> _What is being asked_
Write out the data that follows exactly, keeping every picture out.

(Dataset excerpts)
Start of Block
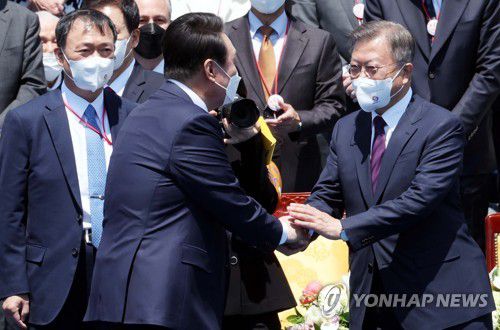문재인 전 대통령과 악수하는 윤석열 대통령 |
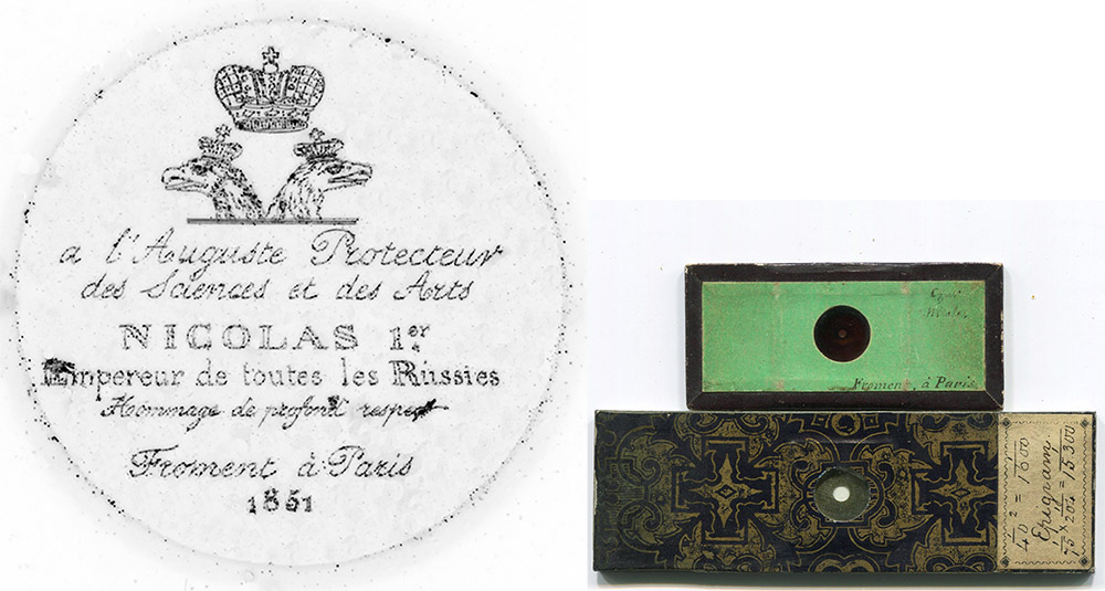 Microengravings by Froment are rarely found in collections or at auction. This may be due to their not being a major product of a skilled mechanical engineer who manufactured precise instruments. Or, it may be a matter of loss through the years or lack of recognition. I acquired the Froment slide shown in Figure 1 in a large mix of slides and microscope apparatus from France, of which the seller did not recognize anything special about the small green-and-black slide. May we all be so fortunate!
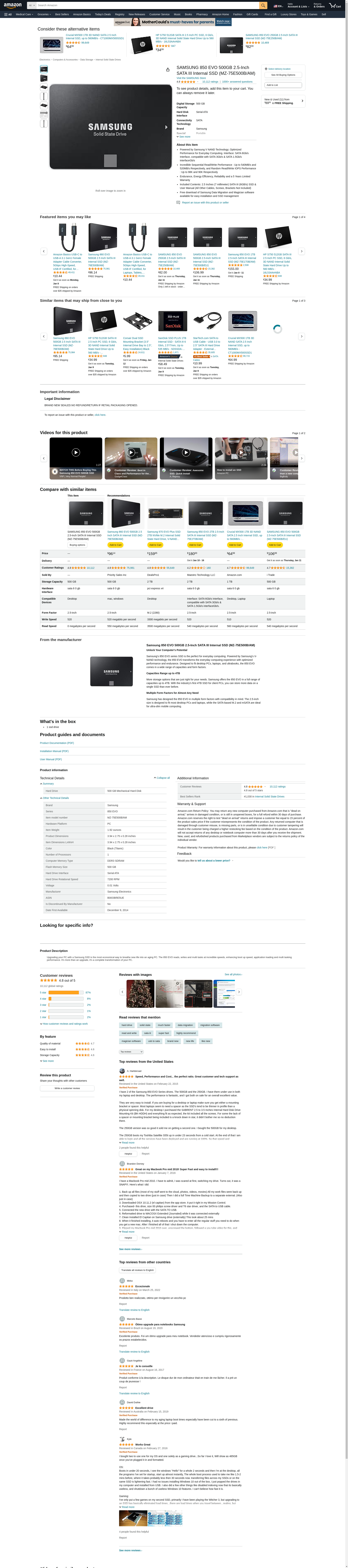 SAMSUNG 850 EVO 500GB 2.5-Inch SATA III Internal SSD (MZ-75E500B/AM)
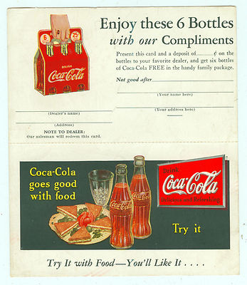 Title (ebay affiliate link): VINTAGE 1930'S COCA COLA COUPON GOES GOOD WITH FOOD
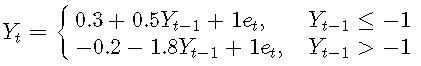 σ是噪声标准偏差,Yt-1是阈值变量,r是阈值参数, {et}是具有零均值和单位方差的iid随机变量序列。
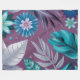 Immerse yourself in a stunning digital artwork featuring a vibrant array of blue and turquoise flowers and leaves set against a rich purple background. This intricate design blends lush foliage and delicate blossoms, creating a mesmerising and colourful botanical fantasy.
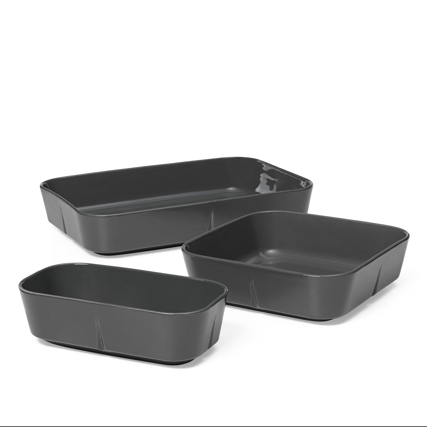 Rosendahl Grand Cru ovnfaste fade i grå leveres som et sæt med tre størrelser, perfekt til bagning og servering. Det tidløse design med de karakteristiske rillet mønstre passer smukt til både hverdag og fest. Fade i keramik sikrer jævn varmefordeling, og deres robuste kvalitet gør dem velegnede til ovn, mikroovn og opvaskemaskine, hvilket gør madlavning og rengøring både praktisk og stilfuld.
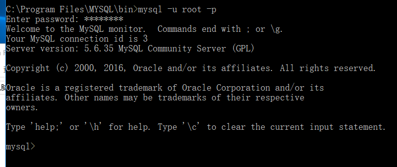 mysql bin目录下,C:\Program Files\MYSQL\bin>mysql -u root mysql ---第一次安装用这个进入数据库
End of Block
> _Answer for the task_
문재인 전 대통령과 악수하는 윤석열 대통령 |
 Microengravings by Froment are rarely found in collections or at auction. This may be due to their not being a major product of a skilled mechanical engineer who manufactured precise instruments. Or, it may be a matter of loss through the years or lack of recognition. I acquired the Froment slide shown in Figure 1 in a large mix of slides and microscope apparatus from France, of which the seller did not recognize anything special about the small green-and-black slide. May we all be so fortunate!
 SAMSUNG 850 EVO 500GB 2.5-Inch SATA III Internal SSD (MZ-75E500B/AM)
 Title (ebay affiliate link): VINTAGE 1930'S COCA COLA COUPON GOES GOOD WITH FOOD
 σ是噪声标准偏差,Yt-1是阈值变量,r是阈值参数, {et}是具有零均值和单位方差的iid随机变量序列。
 Immerse yourself in a stunning digital artwork featuring a vibrant array of blue and turquoise flowers and leaves set against a rich purple background. This intricate design blends lush foliage and delicate blossoms, creating a mesmerising and colourful botanical fantasy.
 Rosendahl Grand Cru ovnfaste fade i grå leveres som et sæt med tre størrelser, perfekt til bagning og servering. Det tidløse design med de karakteristiske rillet mønstre passer smukt til både hverdag og fest. Fade i keramik sikrer jævn varmefordeling, og deres robuste kvalitet gør dem velegnede til ovn, mikroovn og opvaskemaskine, hvilket gør madlavning og rengøring både praktisk og stilfuld.
 mysql bin目录下,C:\Program Files\MYSQL\bin>mysql -u root mysql ---第一次安装用这个进入数据库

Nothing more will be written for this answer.